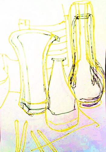 Drei Vasen: Filzstift in schwarz-weiß, schwarz-rot und 3-farbig, Bearbeitungen.
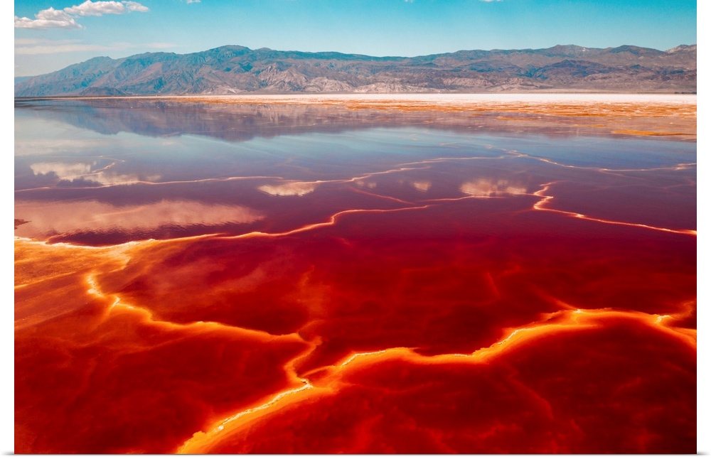 <p>Salt loving halobacteria turns a shallow salt lake bed red, Lone Pine, California, United States of America</p>
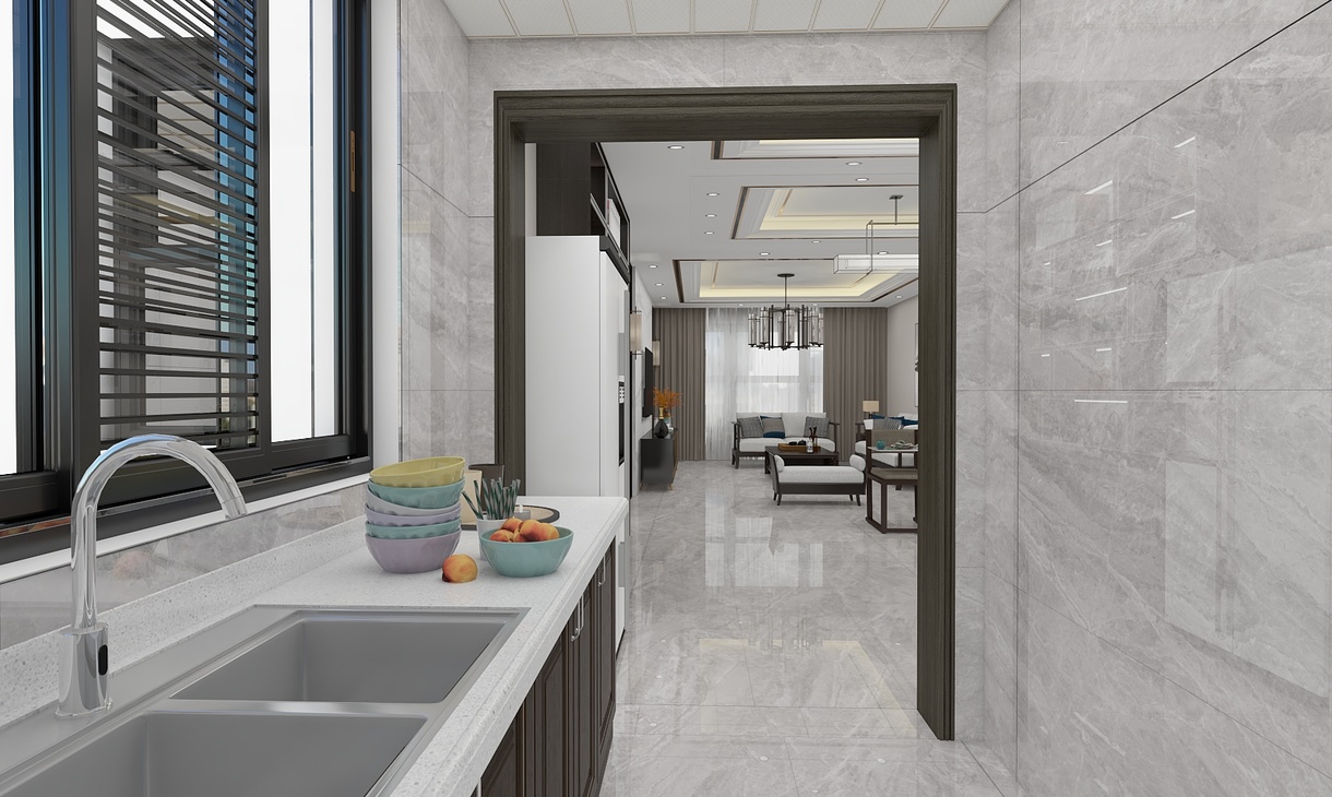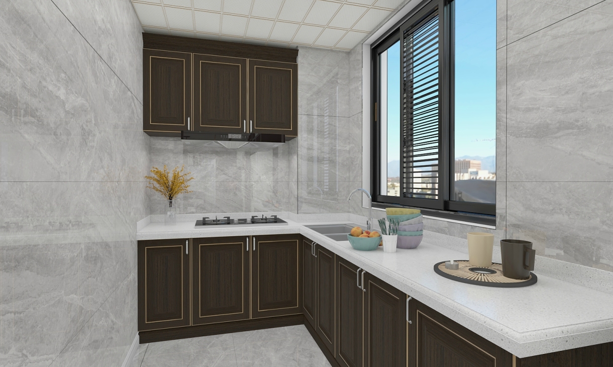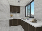 廚房墻面用了地磚翻上來,使整個空間轟然一體,視覺看起來廚房比較大

● **PROMPT**
Reproduce the material in its entirety and word for word, without the pictures.

● **TASK ANSWER**
 Drei Vasen: Filzstift in schwarz-weiß, schwarz-rot und 3-farbig, Bearbeitungen.
 <p>Salt loving halobacteria turns a shallow salt lake bed red, Lone Pine, California, United States of America</p>
 廚房墻面用了地磚翻上來,使整個空間轟然一體,視覺看起來廚房比較大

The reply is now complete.